◆ SUPPLIED INFORMATION:
_____

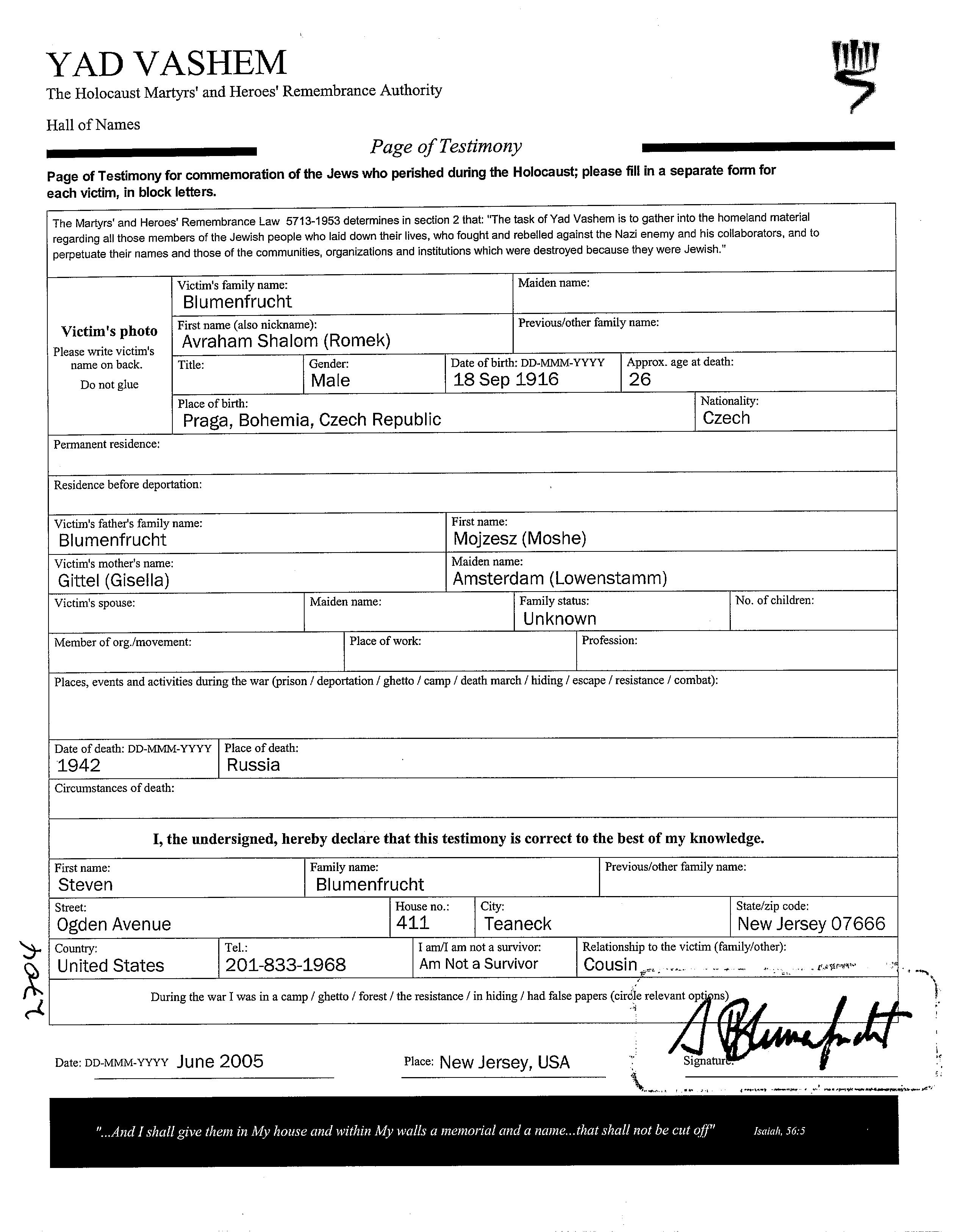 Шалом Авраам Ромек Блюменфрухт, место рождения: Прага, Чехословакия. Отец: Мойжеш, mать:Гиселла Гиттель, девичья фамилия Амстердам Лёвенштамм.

_____

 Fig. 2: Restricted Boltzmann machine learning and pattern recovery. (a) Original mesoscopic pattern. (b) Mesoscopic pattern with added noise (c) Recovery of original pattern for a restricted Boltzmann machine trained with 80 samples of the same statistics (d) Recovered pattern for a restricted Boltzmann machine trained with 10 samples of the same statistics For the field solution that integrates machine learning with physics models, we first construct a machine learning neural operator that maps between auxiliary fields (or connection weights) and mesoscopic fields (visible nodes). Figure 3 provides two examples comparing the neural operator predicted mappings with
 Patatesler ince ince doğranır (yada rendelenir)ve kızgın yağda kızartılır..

_____

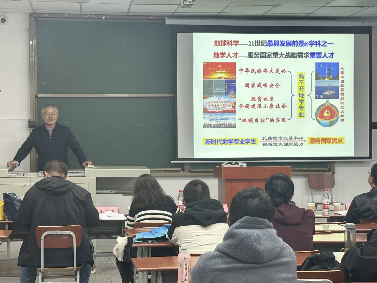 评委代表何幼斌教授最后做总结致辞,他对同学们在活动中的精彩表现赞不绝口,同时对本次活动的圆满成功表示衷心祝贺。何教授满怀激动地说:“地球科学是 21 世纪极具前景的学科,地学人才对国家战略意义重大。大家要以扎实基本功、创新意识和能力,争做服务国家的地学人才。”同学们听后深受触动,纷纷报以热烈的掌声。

_____

◆ WORK ITEM: Give back exactly the lines of the listing above that run from the line with "Fig. 2: Restricted" to the line with "Patatesler ince ince", inclusive.

◆ RESPONSE AREA:
 Fig. 2: Restricted Boltzmann machine learning and pattern recovery. (a) Original mesoscopic pattern. (b) Mesoscopic pattern with added noise (c) Recovery of original pattern for a restricted Boltzmann machine trained with 80 samples of the same statistics (d) Recovered pattern for a restricted Boltzmann machine trained with 10 samples of the same statistics For the field solution that integrates machine learning with physics models, we first construct a machine learning neural operator that maps between auxiliary fields (or connection weights) and mesoscopic fields (visible nodes). Figure 3 provides two examples comparing the neural operator predicted mappings with
 Patatesler ince ince doğranır (yada rendelenir)ve kızgın yağda kızartılır..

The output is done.